* _TASK_
Exclude the pictures, and otherwise reproduce the data in full.

* _DATA SUPPLIED_
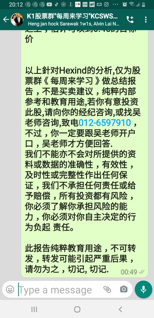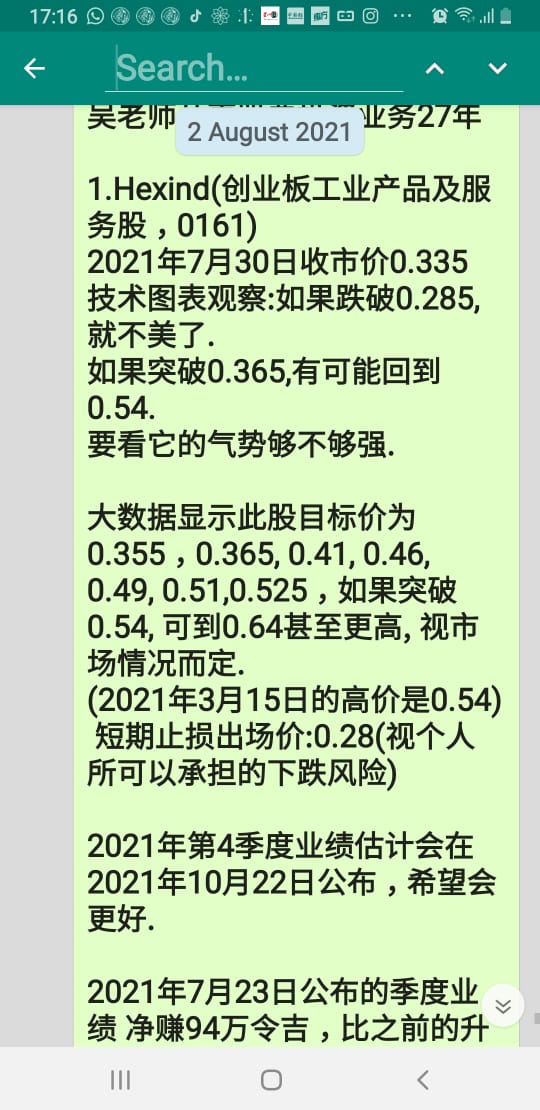 Hexind (0161)是吳老師在8月2日於淩晨12:49分,每週來學習的群组分享的一只股。
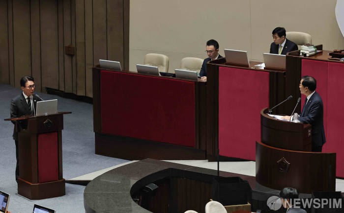 [서울=뉴스핌] 윤창빈 기자 = 김민석 국무총리가 9일 오후 서울 여의도 국회에서 열린 정치·외교·통일·안보에 관한 대정부질문에서 답변하고 있다. 2026.02.09 pangbin@newspim.com
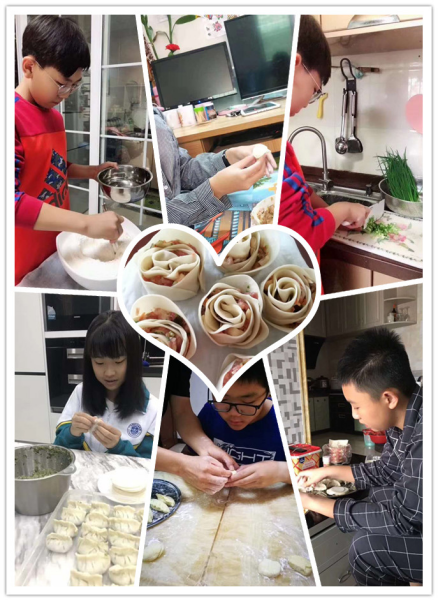 闲暇周末,学生与家人一起积极备赛,亲手做出色香味俱全的饺子。
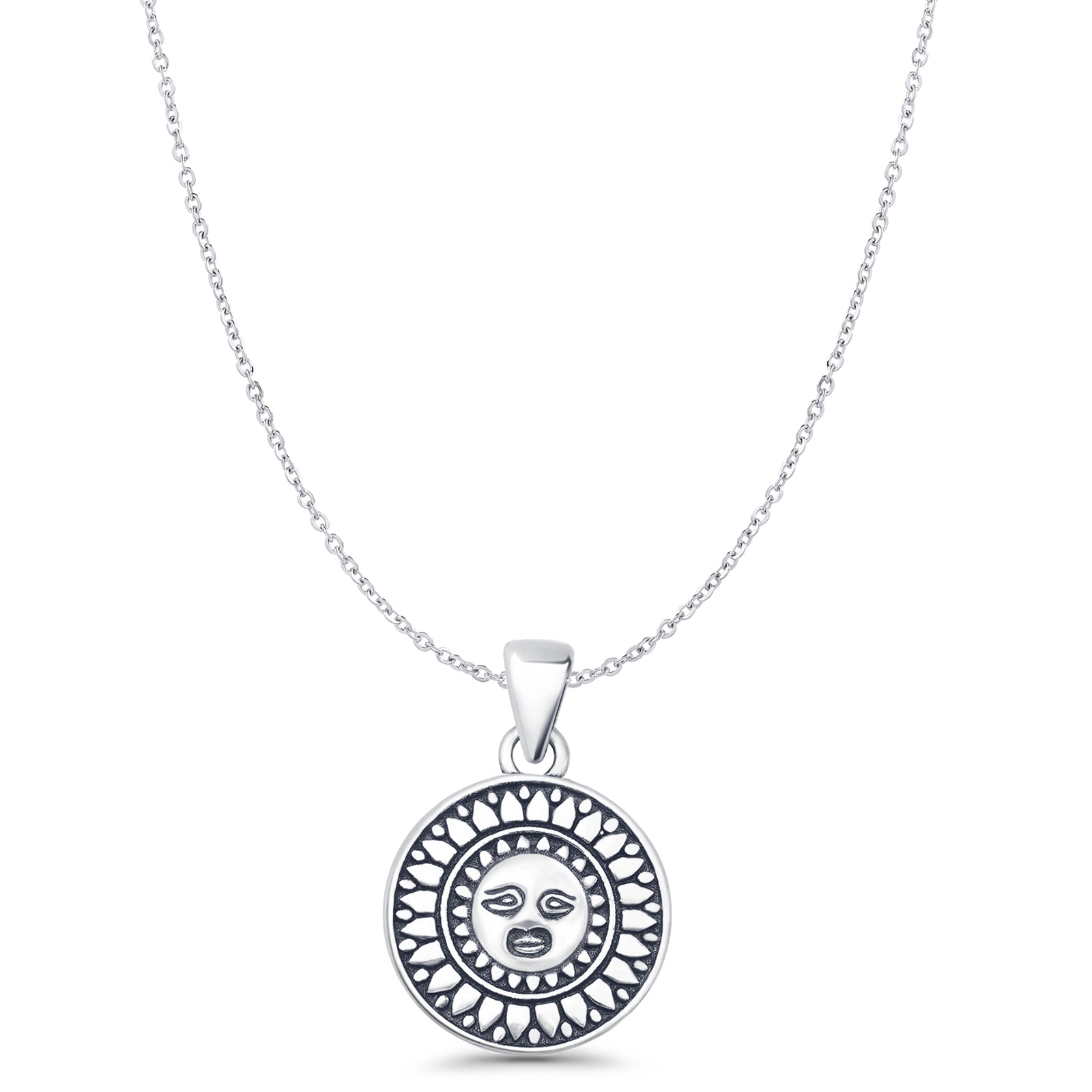 Sun Pendant Cable Chain Necklace Oxidized 925 Sterling Silver
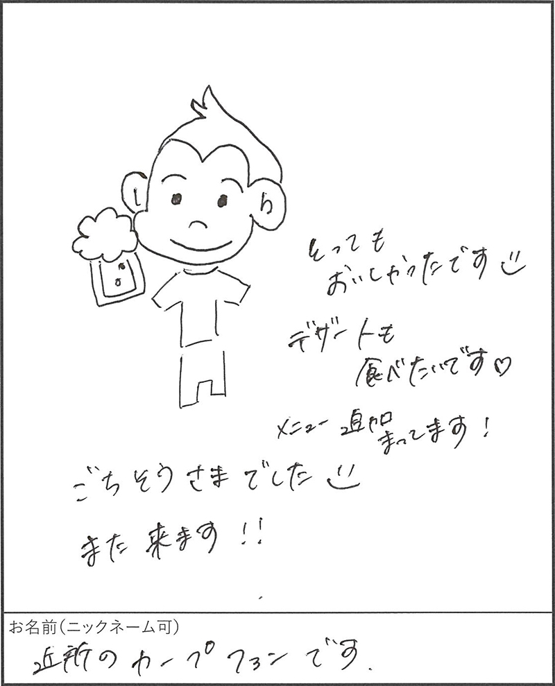 「とってもおいしかった」とのお言葉、とても励みになります。
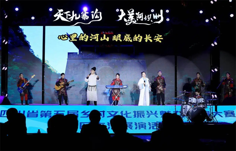 羌笛悠悠诉乡情,欢歌阵阵颂振兴。9月26日,以四川“乡当潮”为主题的四川省第五届乡村文化振兴魅力竞演大赛阿坝州赛区暨四川北区交流展演活动在阿坝州茂县中国古羌城广场举行。来自德阳市、绵阳市、广元市、甘孜州、阿坝州等四川北部市(州)的10支参演队伍以灵动的歌舞、独具特色的情景剧等艺术形式,为现场观众呈上了一场热闹非凡、精彩纷呈的文化盛宴。

* _WRITTEN RESPONSE_
 Hexind (0161)是吳老師在8月2日於淩晨12:49分,每週來學習的群组分享的一只股。
 [서울=뉴스핌] 윤창빈 기자 = 김민석 국무총리가 9일 오후 서울 여의도 국회에서 열린 정치·외교·통일·안보에 관한 대정부질문에서 답변하고 있다. 2026.02.09 pangbin@newspim.com
 闲暇周末,学生与家人一起积极备赛,亲手做出色香味俱全的饺子。
 Sun Pendant Cable Chain Necklace Oxidized 925 Sterling Silver
 「とってもおいしかった」とのお言葉、とても励みになります。
 羌笛悠悠诉乡情,欢歌阵阵颂振兴。9月26日,以四川“乡当潮”为主题的四川省第五届乡村文化振兴魅力竞演大赛阿坝州赛区暨四川北区交流展演活动在阿坝州茂县中国古羌城广场举行。来自德阳市、绵阳市、广元市、甘孜州、阿坝州等四川北部市(州)的10支参演队伍以灵动的歌舞、独具特色的情景剧等艺术形式,为现场观众呈上了一场热闹非凡、精彩纷呈的文化盛宴。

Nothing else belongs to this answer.